制定时间序列图,以使用Python和SQL分析Apple生态系统内的短信流量和习惯。
(Introduction)
During winter break I came across two somewhat hidden features of my Mac that led me into a rabbit hole of data querying and analysis. I was able to access a hidden database of my text messages (i.e. iMessage) by using SQLite3 in terminal. This meant a lot for me; I could visualize and analyze my data to identify texting habits and hopefully learn something about myself.
寒假期间,我遇到了Mac的两个隐藏功能,这些功能使我陷入了数据查询和分析的困境。 通过在终端中使用SQLite3,我能够访问我的短信(即iMessage)的隐藏数据库。 这对我来说意义重大。 我可以可视化和分析我的数据以识别发短信的习惯,并希望从中学到一些自己的知识。
Below are the steps I took to get to the following graph, using SQLite3 and Python with the seaborn library. This was a fun learning experience and I recommend trying it out. Actual code files can be found on GitHub:
下面是使用SQLite3和Python和seaborn库获取下图的步骤。 这是一次有趣的学习经历,我建议您尝试一下。 实际的代码文件可以在GitHub上找到 :
Chat.db
聊天室
This article introduces the hidden chat database within macOS. There’s one issue though — the database is inaccessible as is. You have to use something else to read and manipulate the data. But this discovery means so much to someone who is learning data analysis.

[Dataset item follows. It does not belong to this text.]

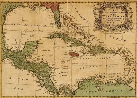 West Indies and the adjacent parts of North and South America 1755 White Modern Wood Framed Art Print with Double Matting by Vintage Maps

本文介绍了macOS中的隐藏聊天数据库。 但是,有一个问题-数据库无法按原样访问。 您必须使用其他方法来读取和处理数据。 但是,这一发现对正在学习数据分析的人意义重大。
Location of chat.db in the finder
chat.db在查找器中的位置
This database holds metadata on every text that you’ve ever sent and received. It tells you the day and time (in UTC), if you sent it, the recipient of the text, etc. There’s so much information in there that can be used to understand how you interact with people. Before actually trying to analyze the data though, you have to retrieve the data.
该数据库保存您曾经发送和接收的每个文本的元数据。 它会告诉您日期和时间(以UTC为单位),是否发送了文本,文本的收件人等。其中有太多信息可用于了解您与人的互动方式。 在实际尝试分析数据之前,您必须先检索数据。
SQLite3 in Terminal
终端中SQLite3
The article linked above not only went through how to access the database, but also how to interact with it. The author used a combination of SQLite3 to pull the data and Python to create a Pandas dataframe.
上面链接的文章不仅介绍了如何访问数据库,而且还介绍了如何与之交互。 作者使用SQLite3组合来提取数据,并使用Python来创建Pandas数据框。
For this project, you’ll do something similar but look at your entire history.
对于此项目,您将执行类似的操作,但请查看您的整个历史记录。
设置一切 (Setting Everything Up)
The first thing to do is open up the terminal. Access the terminal by searching for “terminal” in your Mac by pressing CMD+ENTER together. Once you open it you’re ready to go.
首先要做的就是打开终端。 通过同时按CMD + ENTER在Mac中搜索“终端”来访问终端。 一旦打开它,就可以开始了。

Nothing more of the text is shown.